Во-первых, можно указать на самый общий контекст – секулярное общество предполагает наличие целого ряда автономных сфер, каждая из которых обладает собственной логикой, а переход из одной сферы в другую предполагает и переключение логики. Нет универсальной системы ценностей, за исключением ценности самого секулярного общества и обосновывающей его новоевропейской рациональности. Здесь включается знакомый нам всем механизм дифференциации – нечто может признаваться имеющим эстетическую ценность, но не имеющим этической, действие, осуждаемое с точки зрения исповедуемой субъектом религии, одновременно им же принимается как соответствующее, например, праву. Впрочем, когда речь идет об «одном и том же субъекте», возникает сложность. С одной стороны эта секулярная реальность автономных сфер объединяется именно посредством единства субъекта: он та точка схождения, которая обращает все автономии в относительные, а процесс дифференциации обращает вспять. Когда субъект говорит о прочитанной книге: «мне нравится», это суждение может отсылать к этическому, эстетическому, политическому или какому-либо иному основанию, либо любого уровня сложности переплетению их и ряда других – он выступает уже не как «эстетический субъект», а как «человек», т.е. изначальное/финальное единство. Однако это сохраняющееся «темное ядро» функционирует через постоянные разграничения – поступать правильно как раз и означает в каждой из сфер принимать ее логику.

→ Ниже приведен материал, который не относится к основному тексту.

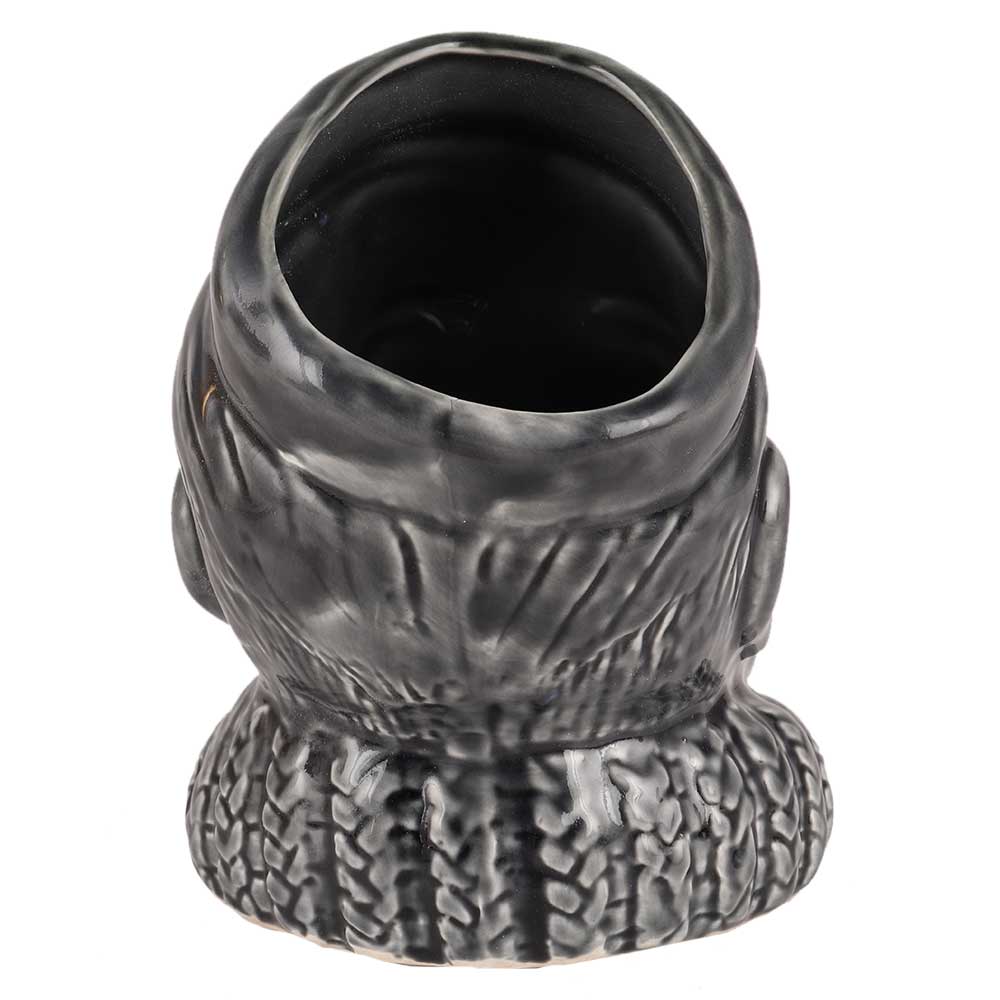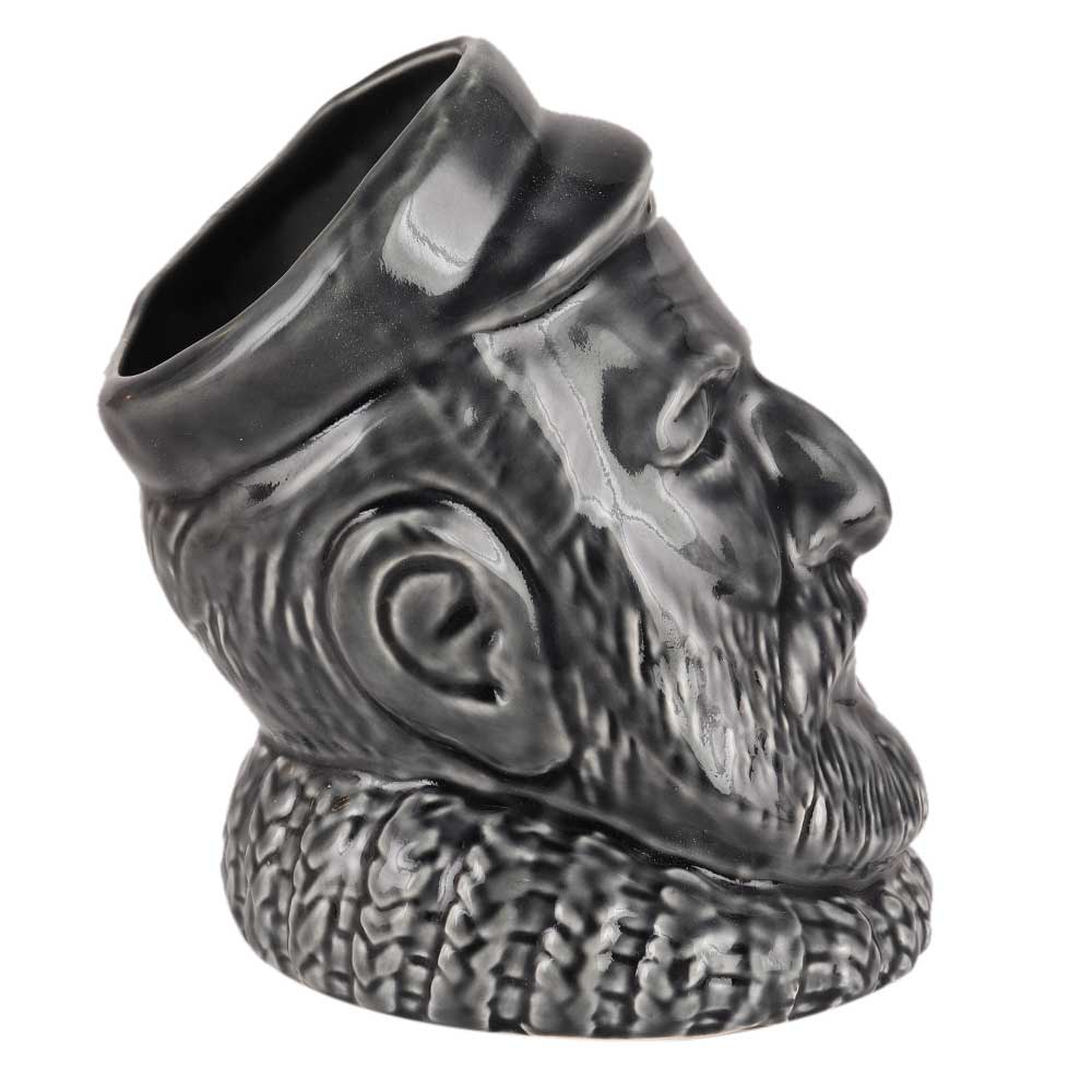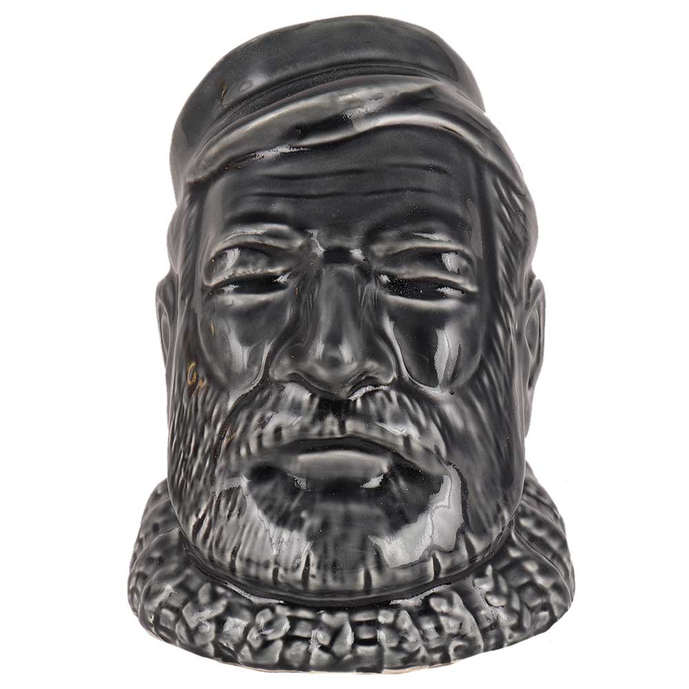 This statue is modeled after Ernest Hemingway, who is dressed in a cap and a thick nautical-style sweater. Glazed in a dark blue glaze (petrol blue). The pullover, in particular, matches the one worn by Hemingway in a shot taken by renowned portrait photographer , which is one of the most iconic images of Ernest Hemingway.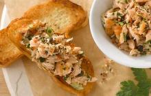 | Grilled Salmon Crostini - Dash™ olive oil, parsley, coriander, caper, basil, lemon, spring onion, salmon, bread In a medium bowl, combine the salmon with scallions, lemon juice, capers, herbs, olive oil and the Original Blend. Stir thoroughly. Lay out the toasted bread slices and pile two tablespoons of the s...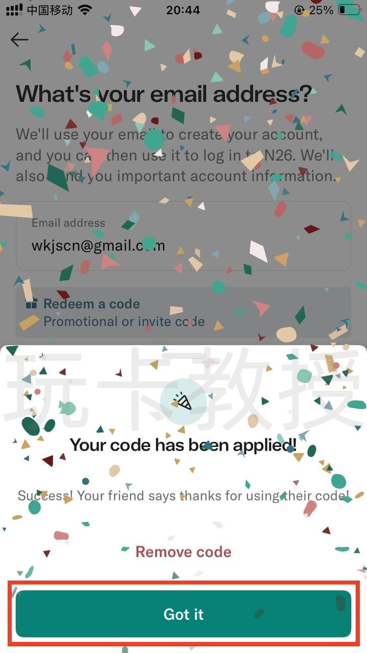 输入您的海外邮箱,点击:Redeem a code,输入邀请码:jiajunl3916(通过我邀请码,开户后入金40欧首次消费大于30欧,我额外返现15欧奖励给您)点击:Got it

Религия в этом случае – личное дело каждого, то, что должно быть отделено от других сфер – и чья социальность работает только применительно к ее членам.

Исторический путь к этому состоянию более чем долог – но если выделять ключевое событие, то им станет Реформация, когда прежний, позднесредневековый мир единой церкви, единой веры разрушился. Образ позднего средневековья предполагает наличие единой истинной веры и Церкви – имеющей свою реализацию в Римско-католической церкви. Иноверец – это либо далекое существо, с которым существуют лишь редкие контакты, либо существо, живущее в своем особом, изолированном пространстве, изначально маркированное как «другой», отделенный зримой гранью от моноконфессионального общества.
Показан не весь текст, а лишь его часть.